Instructions for the task:
Copy the lines below exactly, starting at the one with "先付けにはとうもろこしを丁寧" and ending at the one with "Nguyên lý hoạt", and leave out any picture.

Source information:
+-------+

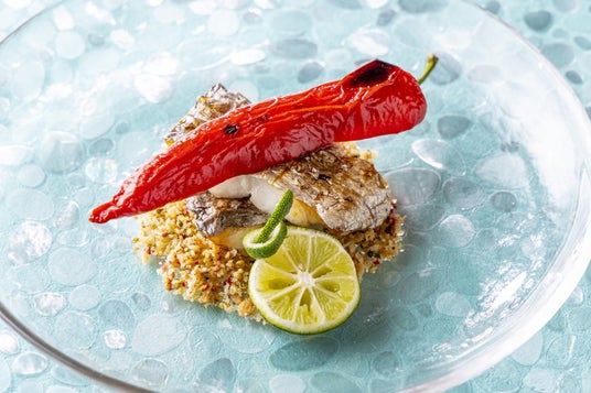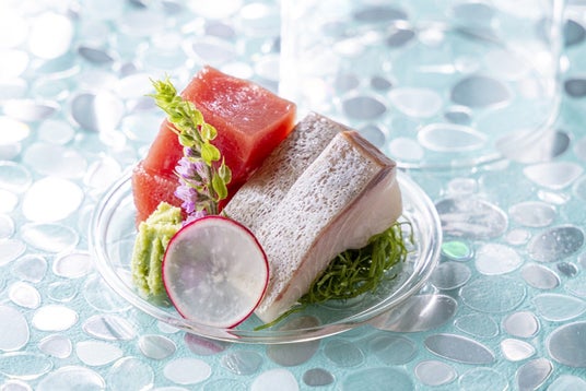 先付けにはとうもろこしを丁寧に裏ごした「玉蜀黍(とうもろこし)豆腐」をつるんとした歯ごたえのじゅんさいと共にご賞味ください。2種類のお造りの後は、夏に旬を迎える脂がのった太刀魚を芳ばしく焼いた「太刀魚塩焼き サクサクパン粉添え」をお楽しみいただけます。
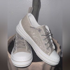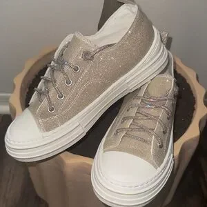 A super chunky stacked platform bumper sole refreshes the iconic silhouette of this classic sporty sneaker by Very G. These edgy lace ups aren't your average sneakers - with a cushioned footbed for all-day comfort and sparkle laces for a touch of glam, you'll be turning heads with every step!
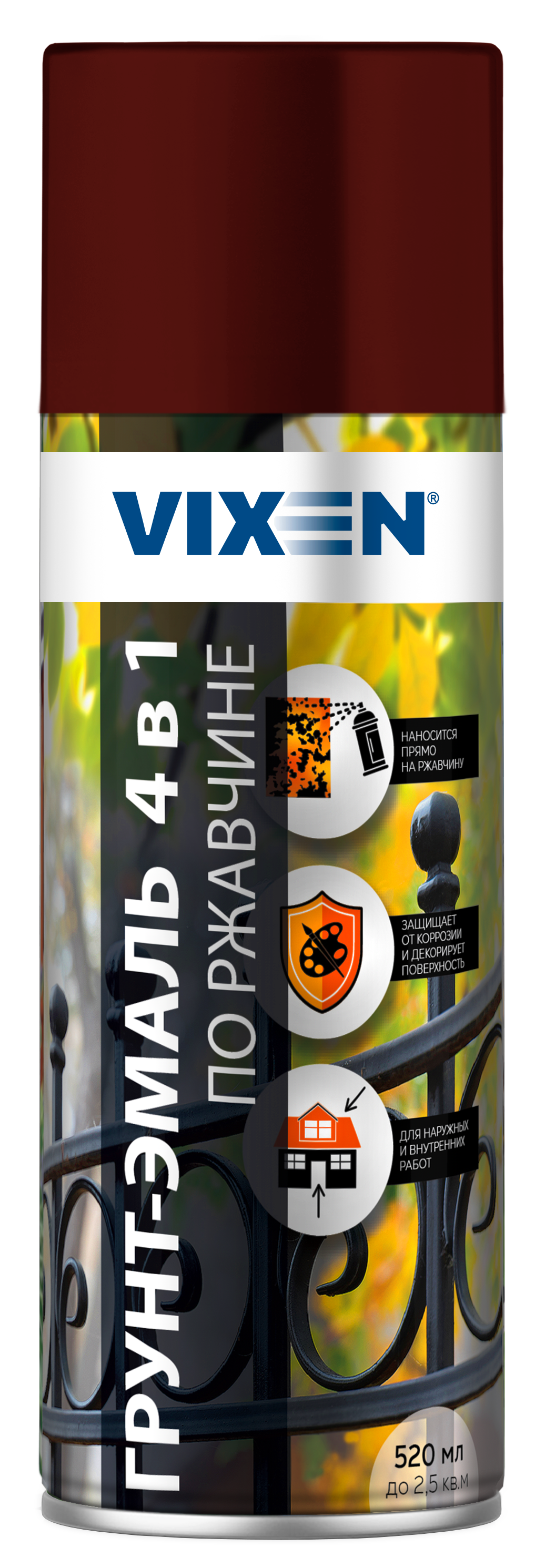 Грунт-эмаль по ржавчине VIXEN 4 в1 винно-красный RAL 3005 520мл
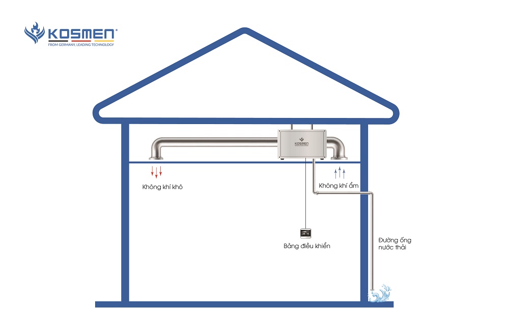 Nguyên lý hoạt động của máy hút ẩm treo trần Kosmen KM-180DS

+-------+

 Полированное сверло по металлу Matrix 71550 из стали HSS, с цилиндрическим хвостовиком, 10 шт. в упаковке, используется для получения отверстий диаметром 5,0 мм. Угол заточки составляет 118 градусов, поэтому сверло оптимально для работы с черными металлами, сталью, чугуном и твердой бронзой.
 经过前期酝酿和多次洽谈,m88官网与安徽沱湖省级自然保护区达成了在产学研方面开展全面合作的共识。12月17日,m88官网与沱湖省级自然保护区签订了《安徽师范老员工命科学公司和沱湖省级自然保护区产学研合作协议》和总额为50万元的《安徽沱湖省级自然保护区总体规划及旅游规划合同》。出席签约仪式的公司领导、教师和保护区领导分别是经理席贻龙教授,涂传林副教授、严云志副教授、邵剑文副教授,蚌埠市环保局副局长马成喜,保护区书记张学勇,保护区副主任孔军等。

+-------+

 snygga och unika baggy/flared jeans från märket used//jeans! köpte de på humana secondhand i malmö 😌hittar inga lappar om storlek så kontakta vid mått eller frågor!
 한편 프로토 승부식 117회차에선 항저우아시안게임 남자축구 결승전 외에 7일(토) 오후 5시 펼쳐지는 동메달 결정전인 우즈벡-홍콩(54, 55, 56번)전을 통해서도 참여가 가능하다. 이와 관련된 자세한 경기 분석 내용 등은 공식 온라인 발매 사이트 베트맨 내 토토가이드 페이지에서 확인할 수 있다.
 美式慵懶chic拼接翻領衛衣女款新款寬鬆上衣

+-------+

Problem solution:
 先付けにはとうもろこしを丁寧に裏ごした「玉蜀黍(とうもろこし)豆腐」をつるんとした歯ごたえのじゅんさいと共にご賞味ください。2種類のお造りの後は、夏に旬を迎える脂がのった太刀魚を芳ばしく焼いた「太刀魚塩焼き サクサクパン粉添え」をお楽しみいただけます。
 A super chunky stacked platform bumper sole refreshes the iconic silhouette of this classic sporty sneaker by Very G. These edgy lace ups aren't your average sneakers - with a cushioned footbed for all-day comfort and sparkle laces for a touch of glam, you'll be turning heads with every step!
 Грунт-эмаль по ржавчине VIXEN 4 в1 винно-красный RAL 3005 520мл
 Nguyên lý hoạt động của máy hút ẩm treo trần Kosmen KM-180DS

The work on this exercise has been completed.